September 18, 2019 | 64° F

Kublai Khan's vision on the turnpike


We could all use some reassurance these days, and President Barack Obama's appearance on "The Tonight Show with Jay Leno" last week seemed to be a small attempt to comfort the public amidst the chaos of the financial climate. By hitting the late night talk show circuit, the president helped to bridge the gap between the C-SPAN junkies and the rest of America. Despite all the face time and calming talk from our head of state, we continue to be rocked by one disappointment after another. While the entire nation was shocked by the news of American International Group's bonuses, here on exit nine, we have an interesting dilemma of our own.

Over the past year I have watched with curiosity as the area previously known as the Meadowlands has become more recognizable for the brightly colored construction site on the property than for Giants Stadium. Even after having taken numerous drives down the New Jersey Turnpike, I am still struck by the spectacle of the blue and orange structure taking its massive, odd shape in front of my eyes. It has been said by some that the new construction is an eyesore. Whether or not it is found to be attractive, it can certainly be described as a futuristic sight out of a program like "The Jetsons." The blue and white rectangles have been likened to stacks of cargo containers, and the orange incline is raising eyebrows.

Known as the Xanadu complex, the construction is planned to function as a "4.8 million-square-foot entertainment destination" according to the Meadowlands Xanadu Web site. On top of being a massive shopping center, the structure will also house a sporting area with an indoor ski slope, skydiving wind tunnel and the country's tallest Ferris wheel. But this Xanadu is far from the "idyllic, exotic or luxurious place" described by Merriam-Webster. It's not Kublai Khan's mystic summer retreat, Citizen Kane's estate, Olivia Newton-John's 1980 film or the recent roller-skating Broadway musical, but rather a terrible problem.

According to The Star-Ledger, a 15-year lease has been acquired on Xanadu for $160 million. However, the complex, which had been on target to open in August, is facing some major setbacks. Work has slowed because of "a default by a non-bankrupt affiliate of Lehman Brothers known as Xanadu Mezz Holdings LLC." In addition, there has been some difficulty filling the space. At this time, only about 70 percent of the retail space is being rented.

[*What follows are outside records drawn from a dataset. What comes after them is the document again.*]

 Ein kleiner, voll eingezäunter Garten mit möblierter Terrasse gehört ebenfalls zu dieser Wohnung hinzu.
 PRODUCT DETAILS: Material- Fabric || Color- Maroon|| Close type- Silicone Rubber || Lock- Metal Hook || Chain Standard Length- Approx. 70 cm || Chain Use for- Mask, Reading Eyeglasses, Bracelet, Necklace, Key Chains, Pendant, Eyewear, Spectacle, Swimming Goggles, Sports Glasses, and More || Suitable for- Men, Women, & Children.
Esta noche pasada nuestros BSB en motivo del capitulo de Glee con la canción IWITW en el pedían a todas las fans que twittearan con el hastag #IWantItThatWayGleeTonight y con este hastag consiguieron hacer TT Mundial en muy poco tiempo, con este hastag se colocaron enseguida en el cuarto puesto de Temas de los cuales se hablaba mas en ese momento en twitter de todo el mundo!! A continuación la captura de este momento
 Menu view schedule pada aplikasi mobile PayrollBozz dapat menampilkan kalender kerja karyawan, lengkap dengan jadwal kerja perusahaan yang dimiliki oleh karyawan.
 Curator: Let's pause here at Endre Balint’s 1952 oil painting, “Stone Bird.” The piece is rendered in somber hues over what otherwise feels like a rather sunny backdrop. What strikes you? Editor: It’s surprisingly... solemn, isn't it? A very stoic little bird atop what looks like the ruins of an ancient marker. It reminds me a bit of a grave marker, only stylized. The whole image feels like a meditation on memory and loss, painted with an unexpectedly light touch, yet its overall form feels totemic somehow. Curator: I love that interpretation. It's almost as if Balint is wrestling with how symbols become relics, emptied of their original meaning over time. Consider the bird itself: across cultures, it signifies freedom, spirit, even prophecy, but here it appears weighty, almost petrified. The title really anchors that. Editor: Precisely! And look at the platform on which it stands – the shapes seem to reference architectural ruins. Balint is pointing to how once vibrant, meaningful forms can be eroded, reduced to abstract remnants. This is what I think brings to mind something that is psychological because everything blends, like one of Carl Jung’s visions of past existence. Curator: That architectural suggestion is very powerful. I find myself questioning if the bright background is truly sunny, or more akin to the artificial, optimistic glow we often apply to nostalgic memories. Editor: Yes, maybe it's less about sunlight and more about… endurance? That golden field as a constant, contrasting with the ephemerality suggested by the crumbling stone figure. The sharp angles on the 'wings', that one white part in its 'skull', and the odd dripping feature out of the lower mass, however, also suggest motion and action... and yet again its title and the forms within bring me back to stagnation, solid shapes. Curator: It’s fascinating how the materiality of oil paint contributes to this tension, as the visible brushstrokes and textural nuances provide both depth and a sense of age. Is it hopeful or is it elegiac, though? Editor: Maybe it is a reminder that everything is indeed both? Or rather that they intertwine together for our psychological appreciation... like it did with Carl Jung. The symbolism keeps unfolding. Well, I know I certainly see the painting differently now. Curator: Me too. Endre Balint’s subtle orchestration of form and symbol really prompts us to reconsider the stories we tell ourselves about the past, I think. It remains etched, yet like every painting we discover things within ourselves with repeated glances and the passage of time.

New Jersey Senate President Richard Codey, D-Essex, referred to these problems with Xanadu as the "icing on the cake that flopped before you could get it out of the oven. This would be a tremendous disappointment in any economic climate, but given the dire straits we're in now, it's a huge setback to a region that was relying heavily on the project for job creation and revenue."

The shame in all of this is really that we are trying to spread the icing on our cakes while they are still in the oven. Just as every building needs a proper foundation, and every cake requires some time on the cooling rack before we can go nuts with the sprinkles, Xanadu might have benefited from a more realistic, multipart approach from its conception. If the financial situation had been different, Xanadu would still have been a very ambitious project. The Jetsons feel that the colorful structure conveys on the exterior is equally matched by the fantastical, borderline outrageous plans for the interior sporting space.

Obama told Jay Leno that "there's nothing wrong with innovation in the financial markets," and I think the same applies with everything from business ventures to sweet snacks. Slathering icing on uncooked cake batter before you pop it in the oven would be inventive, but that does not ensure that it would work. The idea for Xanadu was inarguably innovative, at least for us here in New Jersey. Yet such a grand scheme, which could offer such a huge payoff, provides an equally significant letdown; and as with all financial disappointments of late, it's difficult not to wonder if more foresight could have prevented the upset.

We may still prove to get lucky with the Xanadu complex. As of now, the project is just faced by delays and should see completion in the near future. Xanadu has the potential to be the giant entertainment sensation it was proposed to be and not simply a loss at the hands of the economic crisis.

The Great Depression was also marked by a series of grand, ostentatious building projects, some of which were enormously triumphant and others huge flops. The Empire State Building saw completion shortly after the stock market crash of 1929, and the construction of Rockefeller Center, which was just beginning, was a product of the era of financial turmoil — both are staples of the New York landscape. On the other hand, the Second Avenue Subway was originally proposed in 1929 and with all the trouble, it remains an ongoing project today.

For the moment, the empty structure on the side of the turnpike is going to be just another reminder of the grim situation our nation faces. We can wait and see whether Xanadu will be another Rockefeller Center or a Second Avenue Subway, but perhaps we should take a cue from Xanadu and make some adjustments to the way we imagine our projects in the first place. Colossal ambition does not always yield immense success. Maybe it is time to take a step back, give ideas careful consideration, focus on practicality and start getting ahead without getting ahead of ourselves.